Problem :: Copying rule for the data below: pictures stay out, and only the lines from the one with "- [11297374]V6 8传说" down to the one with "Excellent, basically new", inclusive, are repeated exactly.
Supplied information Block Start
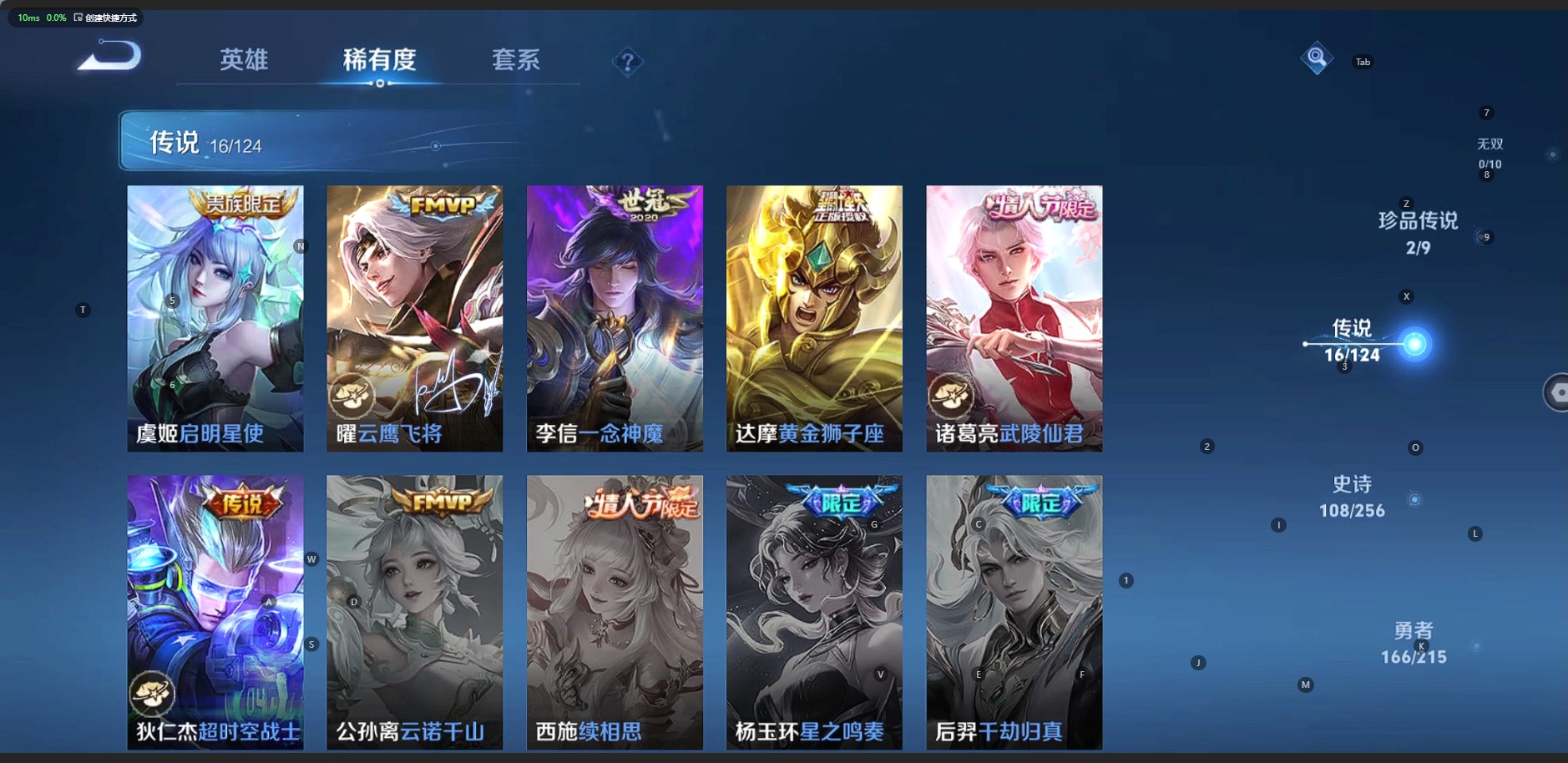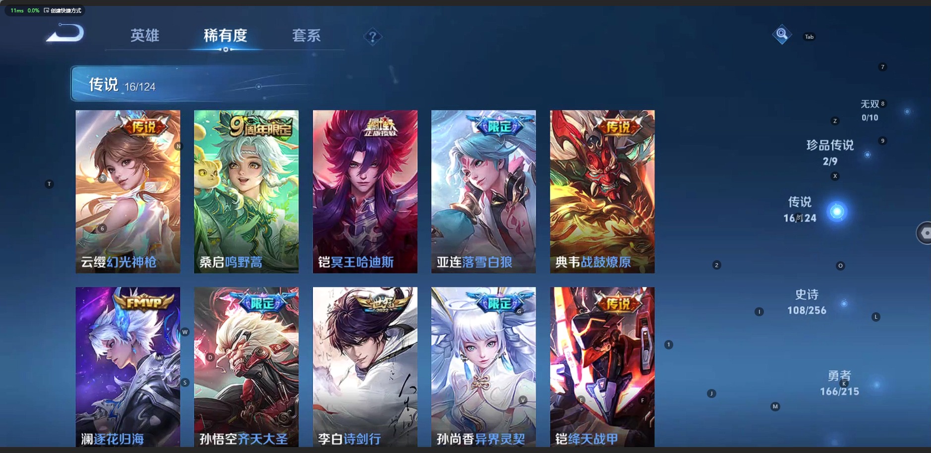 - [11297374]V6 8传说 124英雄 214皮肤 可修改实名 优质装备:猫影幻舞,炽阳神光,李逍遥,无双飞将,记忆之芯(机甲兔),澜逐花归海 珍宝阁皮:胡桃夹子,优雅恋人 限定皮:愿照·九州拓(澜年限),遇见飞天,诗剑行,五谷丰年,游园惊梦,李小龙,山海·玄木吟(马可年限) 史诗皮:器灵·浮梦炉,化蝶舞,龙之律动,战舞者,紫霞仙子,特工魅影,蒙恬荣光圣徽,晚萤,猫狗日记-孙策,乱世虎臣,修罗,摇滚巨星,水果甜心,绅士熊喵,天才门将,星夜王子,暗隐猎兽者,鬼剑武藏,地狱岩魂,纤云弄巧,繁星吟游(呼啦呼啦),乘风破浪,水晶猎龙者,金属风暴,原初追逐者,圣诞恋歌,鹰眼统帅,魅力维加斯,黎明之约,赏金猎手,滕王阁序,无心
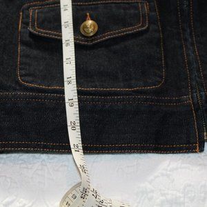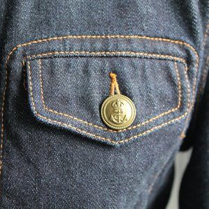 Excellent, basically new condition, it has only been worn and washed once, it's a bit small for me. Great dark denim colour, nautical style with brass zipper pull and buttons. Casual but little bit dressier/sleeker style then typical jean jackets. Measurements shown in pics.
Supplied information Block End
Supplied information Block Start
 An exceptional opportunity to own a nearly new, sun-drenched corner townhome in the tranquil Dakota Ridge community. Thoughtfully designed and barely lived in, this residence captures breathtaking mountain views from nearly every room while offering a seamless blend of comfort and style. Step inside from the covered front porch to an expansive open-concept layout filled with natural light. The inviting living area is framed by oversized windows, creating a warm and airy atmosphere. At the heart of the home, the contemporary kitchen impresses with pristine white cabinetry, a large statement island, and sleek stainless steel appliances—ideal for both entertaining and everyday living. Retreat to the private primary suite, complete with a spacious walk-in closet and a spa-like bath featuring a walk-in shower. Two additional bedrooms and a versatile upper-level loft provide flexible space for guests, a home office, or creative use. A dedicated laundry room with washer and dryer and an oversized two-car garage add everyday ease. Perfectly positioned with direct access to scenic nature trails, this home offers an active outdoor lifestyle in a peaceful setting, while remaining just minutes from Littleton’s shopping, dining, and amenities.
Supplied information Block End
Problem solution ::
 - [11297374]V6 8传说 124英雄 214皮肤 可修改实名 优质装备:猫影幻舞,炽阳神光,李逍遥,无双飞将,记忆之芯(机甲兔),澜逐花归海 珍宝阁皮:胡桃夹子,优雅恋人 限定皮:愿照·九州拓(澜年限),遇见飞天,诗剑行,五谷丰年,游园惊梦,李小龙,山海·玄木吟(马可年限) 史诗皮:器灵·浮梦炉,化蝶舞,龙之律动,战舞者,紫霞仙子,特工魅影,蒙恬荣光圣徽,晚萤,猫狗日记-孙策,乱世虎臣,修罗,摇滚巨星,水果甜心,绅士熊喵,天才门将,星夜王子,暗隐猎兽者,鬼剑武藏,地狱岩魂,纤云弄巧,繁星吟游(呼啦呼啦),乘风破浪,水晶猎龙者,金属风暴,原初追逐者,圣诞恋歌,鹰眼统帅,魅力维加斯,黎明之约,赏金猎手,滕王阁序,无心
 Excellent, basically new condition, it has only been worn and washed once, it's a bit small for me. Great dark denim colour, nautical style with brass zipper pull and buttons. Casual but little bit dressier/sleeker style then typical jean jackets. Measurements shown in pics.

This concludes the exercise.